• _What you have to do_
Pictures are to be omitted; everything else in the data must be transcribed exactly.

• _Dataset extract_
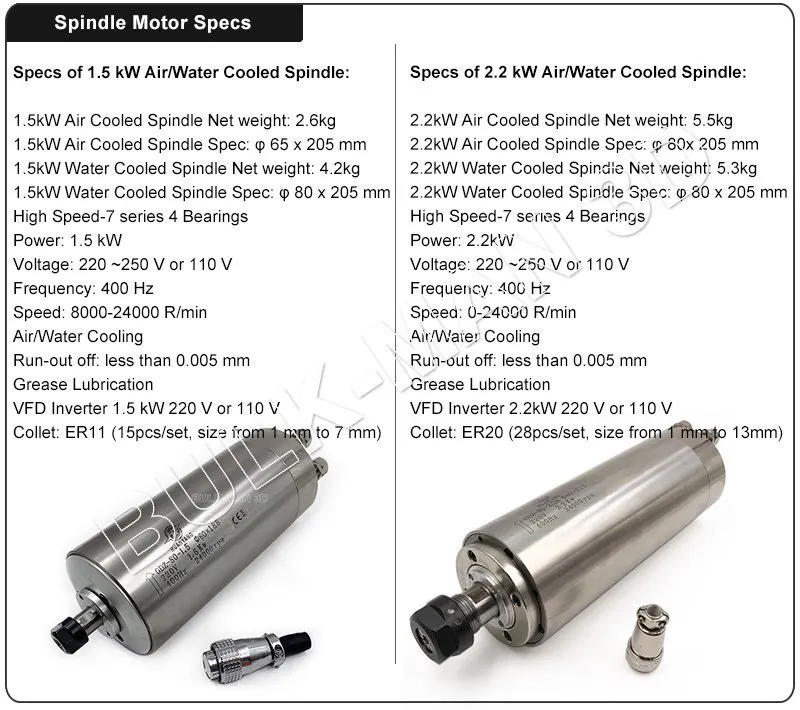 The 1.5kW Air, 1.5kW Water, 2.2KW Air or 2.2kW Water Cooled Spindle Bundle contains all the hardware for mounting a the Spindle on your Queenbee PRO or other CNC machine.
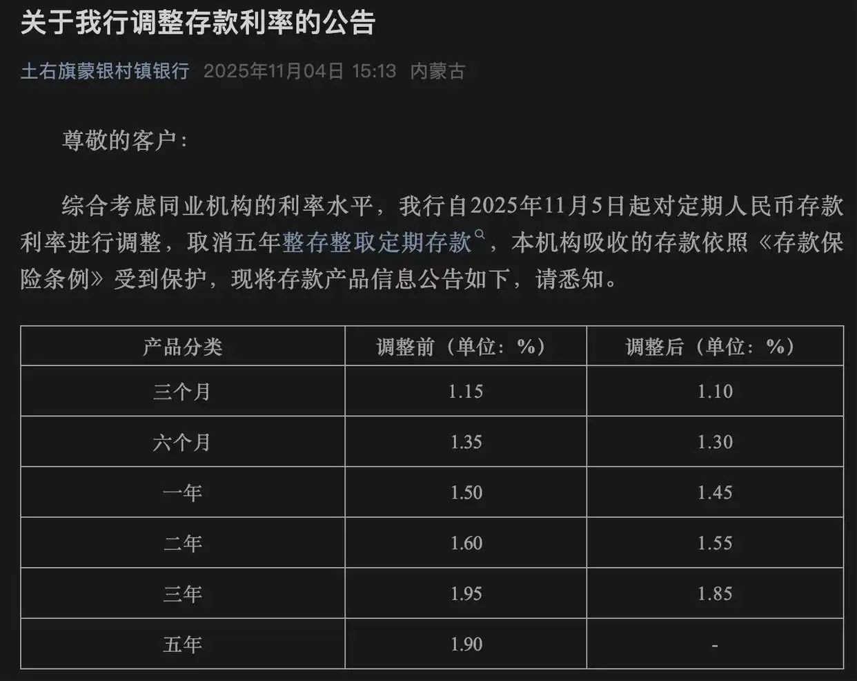11月初內蒙古土右旗蒙銀村鎮銀行發布公告稱,自2025年11月5日起,取消五年期整存整取定期存款。
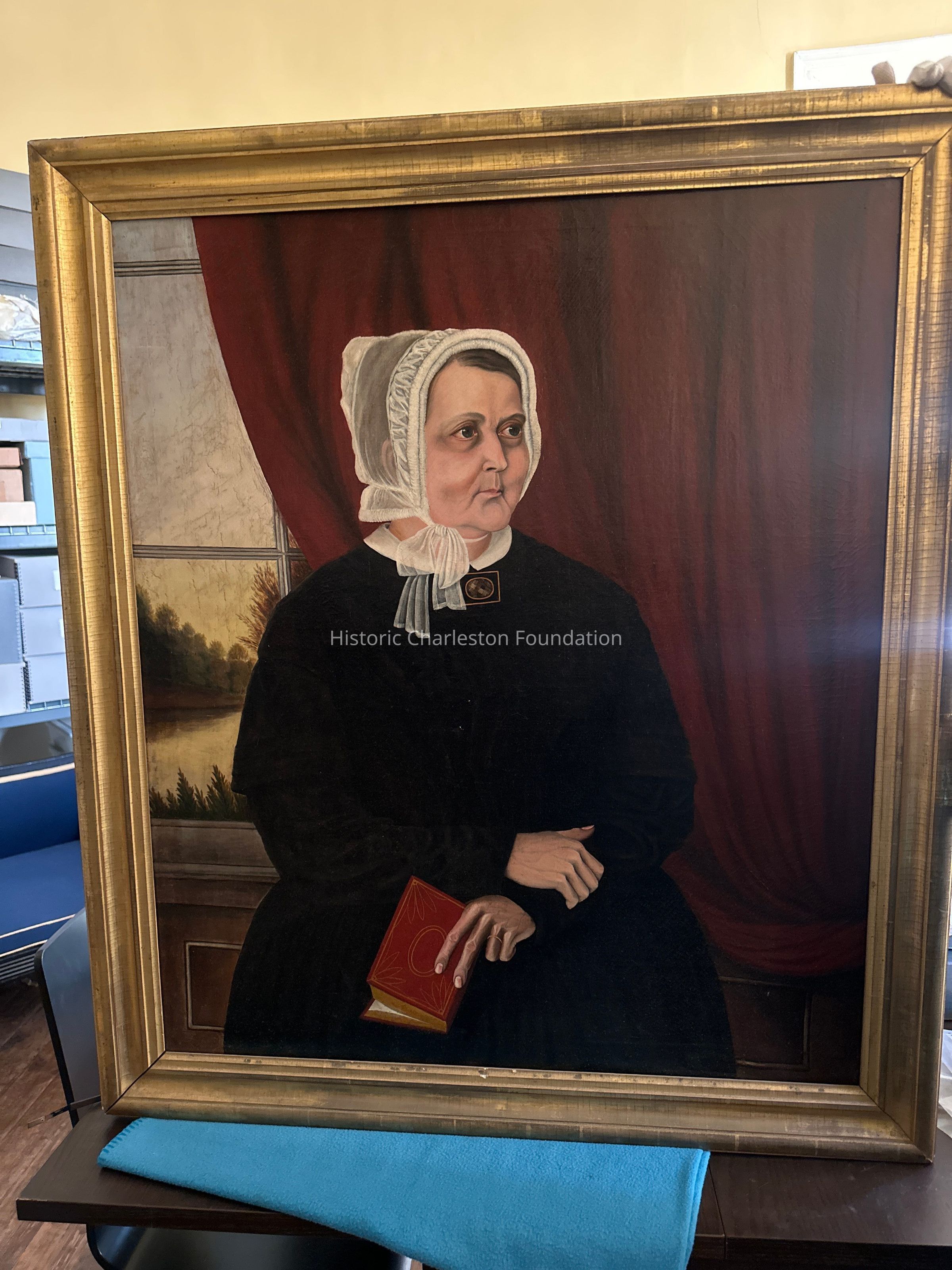 depicting elderly woman at center canvas in black dress with white collar and rectangular black and gold brooch with oval opening displaying woven hair. White cap tied under chin. Left hand with gold wedding band holds red and gilt bound book. Modern paper label applied to reverse reads: "Mrs. Mary Middleton Drayton Age 61 October 31, 1854, canvas mark prepared by Charles Roberson, 51 Long acre, London". In molded frame painted gold.Collection

• _Task answer_
 The 1.5kW Air, 1.5kW Water, 2.2KW Air or 2.2kW Water Cooled Spindle Bundle contains all the hardware for mounting a the Spindle on your Queenbee PRO or other CNC machine.
11月初內蒙古土右旗蒙銀村鎮銀行發布公告稱,自2025年11月5日起,取消五年期整存整取定期存款。
 depicting elderly woman at center canvas in black dress with white collar and rectangular black and gold brooch with oval opening displaying woven hair. White cap tied under chin. Left hand with gold wedding band holds red and gilt bound book. Modern paper label applied to reverse reads: "Mrs. Mary Middleton Drayton Age 61 October 31, 1854, canvas mark prepared by Charles Roberson, 51 Long acre, London". In molded frame painted gold.Collection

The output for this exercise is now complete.